As the story, which is set in 1910, opens, Mrs. Claus is not a happy wife. Santa pays her far too little attention, and she feels out of touch with the busy preparations for Christmas. Hoping to participate in a more meaningful way, she takes Santa's sleigh out for a trial of a new, more efficient route for Christmas Eve. But a stray wind brings the sleigh down into New York's Lower East Side, where a landing injury to Cupid, the reindeer, grounds Mrs. Claus for a week in a polyglot, mixed ethnic world of immigrants.

It's a world that Herman clearly loves, and he explores it in a wide range of numbers. There are small, intimate songs such as "We Don't Go Together at All," a love duet between an Italian boy and a Jewish girl.

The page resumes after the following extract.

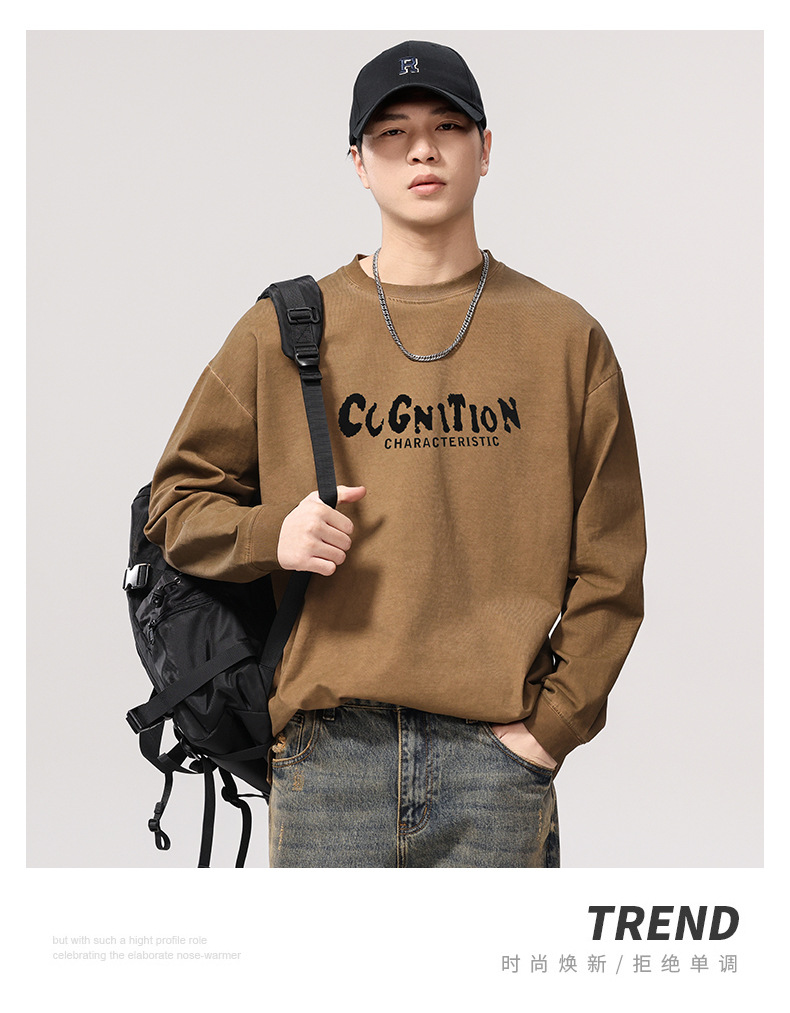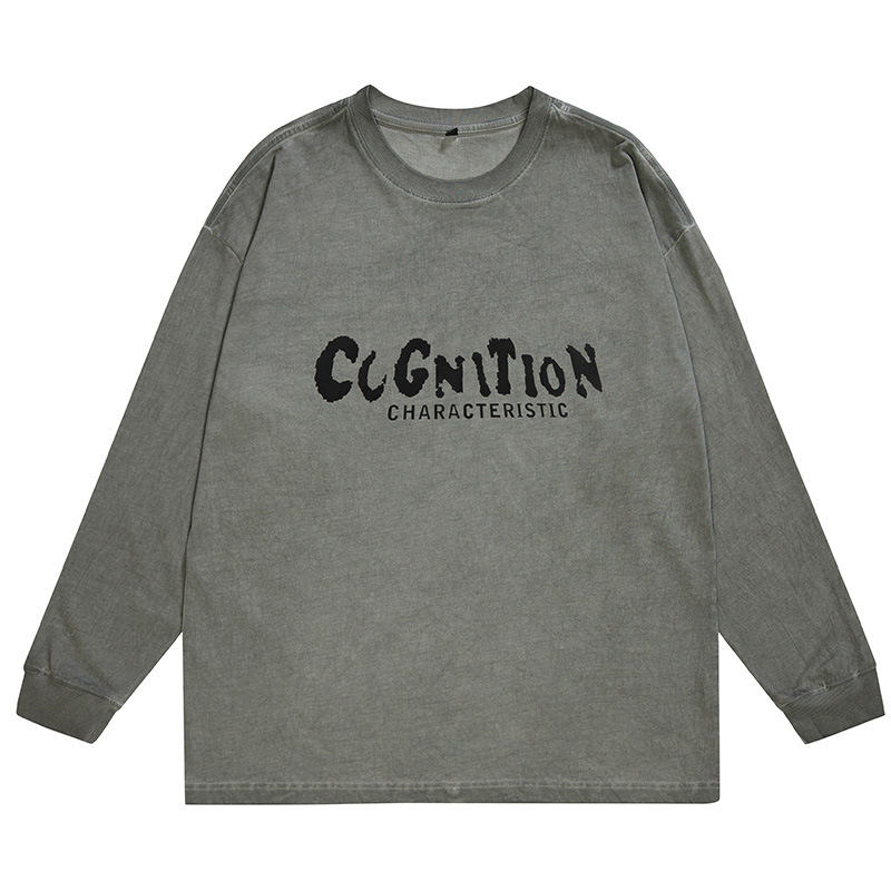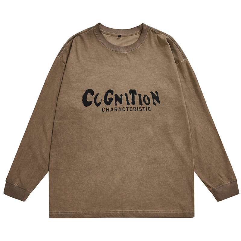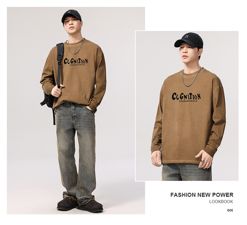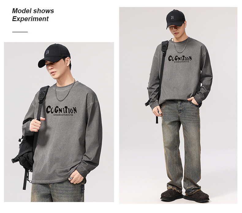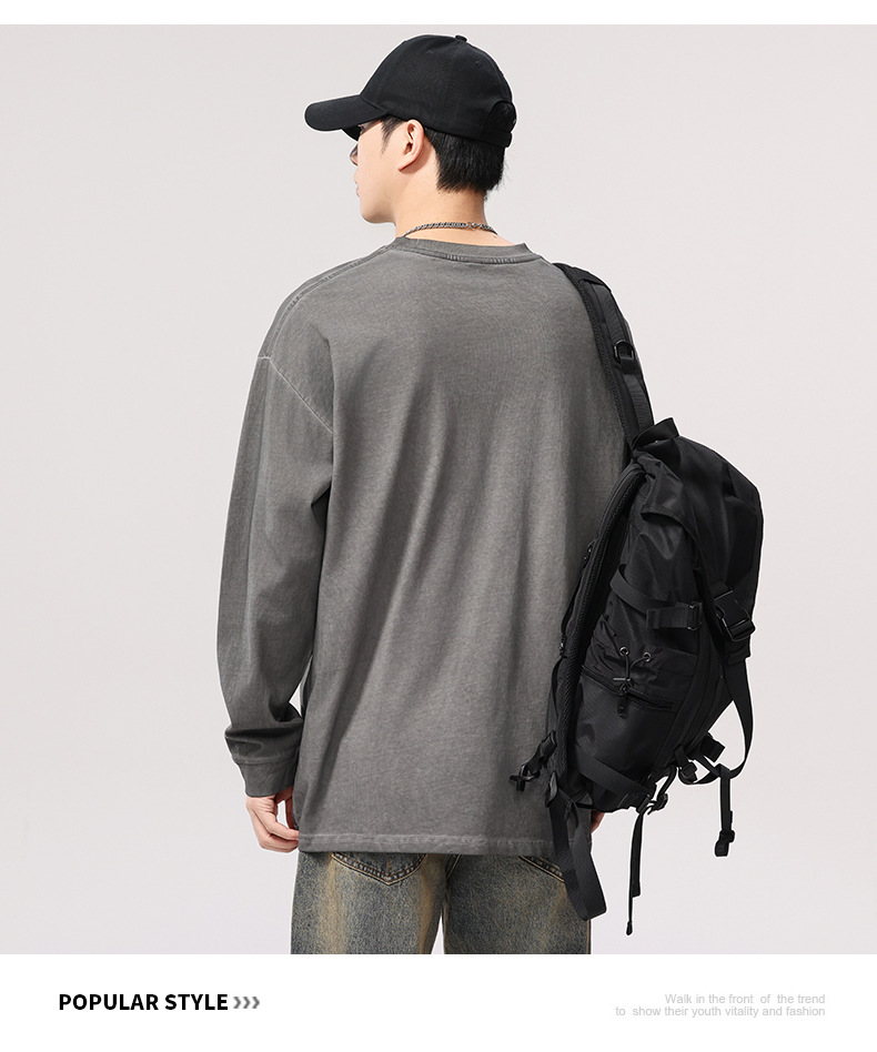 F1277 | 플러스 사이즈 남성 봄 새로운 프라이드 컬러 더티 워시 레트로 긴 소매 티셔츠 남성용 루즈 트렌드 올드 재킷스토어 가기

And there are large production numbers such as "Avenue A," a big, exciting piece that wanders around the Avenue, past pushcarts, peddlers and antique vehicles, with a huge cast of dancers (superbly dressed by Bob Mackie) filling the screen with Don Pippen's vigorous choreography.

Lansbury, looking lovely and singing with charm and musicality, brings Mrs. Claus to life. Terrence Mann is perfect as the heavy, Augustus P. Tavish (up to the point where Mark Saltzman's otherwise serviceable script obliges him to make a too-quick dramatic change). Charles Durning, with little to do, is believable as Santa, but Linsey Bartilson as the young, Irish girl Nora is the show's real find.

Pleasant and endearing as the production may be, it is not exactly first-rate Herman, whose best work balances his tendency toward sentimentality with a real desire for emotional honesty. Here, everything is just a bit too sweet. Memories of "Hello, Dolly!" drift into the musical themes. Some scenes have an ambience recalling "Oliver," and the story tosses in a soupcon of "Abie's Irish Rose" and a bit of "The Grinch Who Stole Christmas."

Still, it's nice to see a new musical, regardless of its flaws, make it to television. "Mrs. Santa Claus" isn't "Miracle on 34th Street," but it just may be around for a long time.

* "Mrs. Santa Claus" airs 8-10 p.m. Sunday on CBS (Channel 2).